The parents’ thoughts are accompanied by a thoughtful discussion by the neonatologist who states :

They suggest that parents have an opportunity to talk with other parents of premature infants who survived with disability. Perhaps neonatologists should have the same opportunity to challenge their biases. An increasing literature attests to the fact that many disabled survivors of prematurity self-report an acceptable quality of life and do not regret their survival. And should not that be a key consideration for all of us?

The final section is written by the 3 authors together, it ends:

Exploring the fundamental motivations behind parental desires can guide information sharing to be more illuminating than a recitation of survival statistics or graded descriptions of long-term neurodevelopment that do not meaningfully convey a child’s potential abilities. Under similar circumstances, 2 sets of parents may reach different but nonetheless supportable informed decisions. A physician often has these discussions thinking what he or she would decide in a similar circumstance. Yet in the gray zone, the physician is obliged to put aside personal bias to forge a partnership with the parents and to support their most informed decision on behalf of themselves and their child.

That picks up some vitally important issues, policies and position statements have in the past focussed on ensuring that we tell parents all of the bad things that can happen, and all the potential limitations of extremely preterm babies. When do we tell them the positives? What most preterm babies can do, how they positively impact the lives of their families, along with the difficulties?

The outcomes that we should be measuring should be broader and related to function and abilities. They should be reported in ways which describe the range of capacities of our graduates, and show their abilities, not just their disabilities. We should not lump together outcomes which have very different implications for parents, and for the child themselves. As Saroj Saigal and I wrote in an editorial once, (Barrington KJ, Saigal S. Long-term caring for neonates. Paediatr Child Health. 2006;11(5):265-6) we should be proud of the way that neonatologists invented the field of outcomes research, but we need to do still more, to ensure that we don’t just identify and measure problems but study ways to lessen their impacts and further improve the lives of our patients.

About keithbarrington

I am a neonatologist and clinical researcher at Sainte Justine University Health Center in Montréal
  1. Drpkrajiv says:

    A great blog. Very well presented the facts of the predictment of thr 23 weeker. The analysis of the babys brain potential is cloudy and in the end are we justified to play god. We should have more objective analysis of brain like mr spectroscopy to prognosticate intact survivali at the bedside .the values may need to be standardised for age

    • I think we need to be very careful about introducing new technologies for prognostication. Unless we have a very high positive predictive value for profoundly limited outcomes, then using any additional test risks making the predicament, worse. A recent systemtic review of EEGs for prediction, for example showed that there are statistically significant correlations between EEG abnormalities and outcomes.

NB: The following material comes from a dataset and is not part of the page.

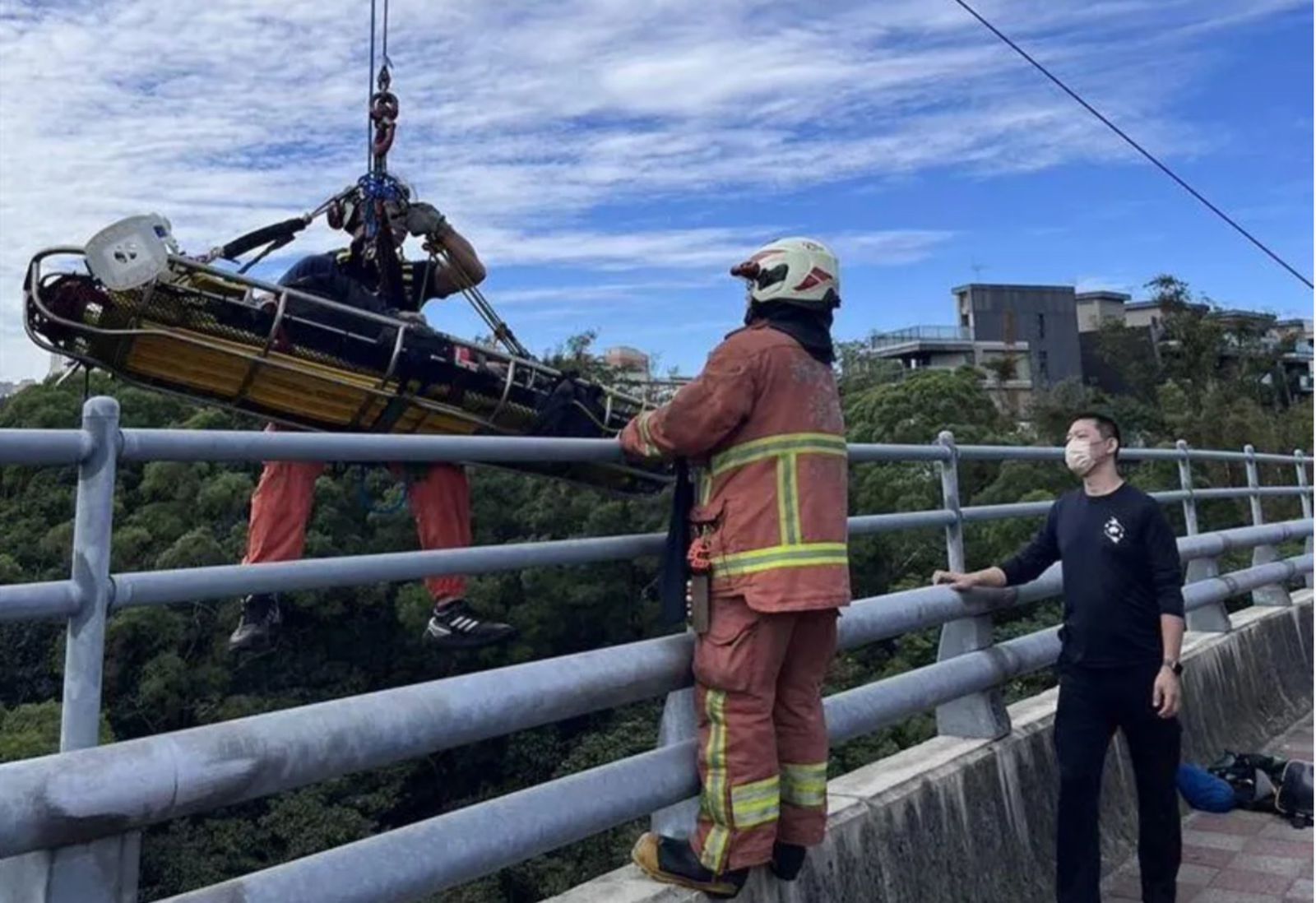 警方表示,今早接獲民眾報案,指稱目擊一名男子墜落林口東林橋,警消趕抵現場,發現該男躺臥橋底,狀況不明,警消垂吊至橋底,將該男拉上橋面,但經送往林口長庚醫院急救,該男仍死亡。 警方初步調查,該男年約60歲,因身上無相關證件資料,尚無法確認男子身分,而其墜橋原因也需後續釐清。 ★《鏡週刊》關心您,再給自己一次機會,安心專線:1925(24小時)/生命線:1995/張老師專線:1980

That is not at all the same thing as saying that for an individual patient, EEG findings are sufficiently prognostically accurate to use them to make treatment decisions.

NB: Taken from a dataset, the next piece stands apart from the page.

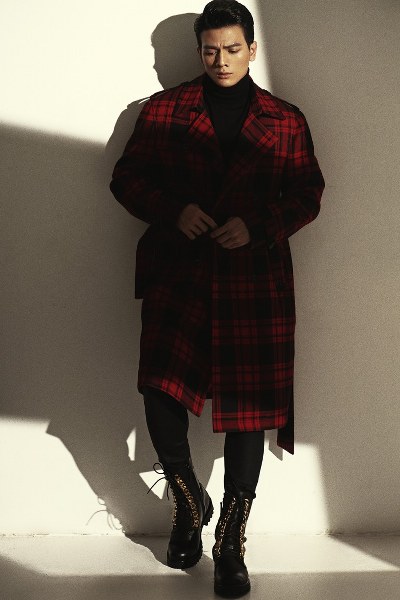 Tiết trời se lạnh cuối năm cũng là lúc những chiếc áo cổ lọ được lên ngôi. Lê Xuân Tiền phối thêm áo khoác kẻ sọc caro to bản với sắc đỏ nổi bật.

  3. Thanks for a very thoughtful post. The outcomes that matter change over time as children age. We begin at 3-4 months with using the GMA to assess risk for CP, the TIMP to assess functional abilities, and the HINE to assess neurologic signs. These measures tell us what we should do NOW, i.e., at 3-4 months, while we watch longitudinally for other outcomes that matter without a wait and see attitude that prevents children from receiving therapy until they don’t walk or otherwise present huge failure to meet expected developmental outcomes. On the other hand, negative results on these early tests are very reassuring as they have high predictability to later outcome. Statement of Interests: I am the Manager of Infant Motor Performance Scales, the publisher of the TIMP.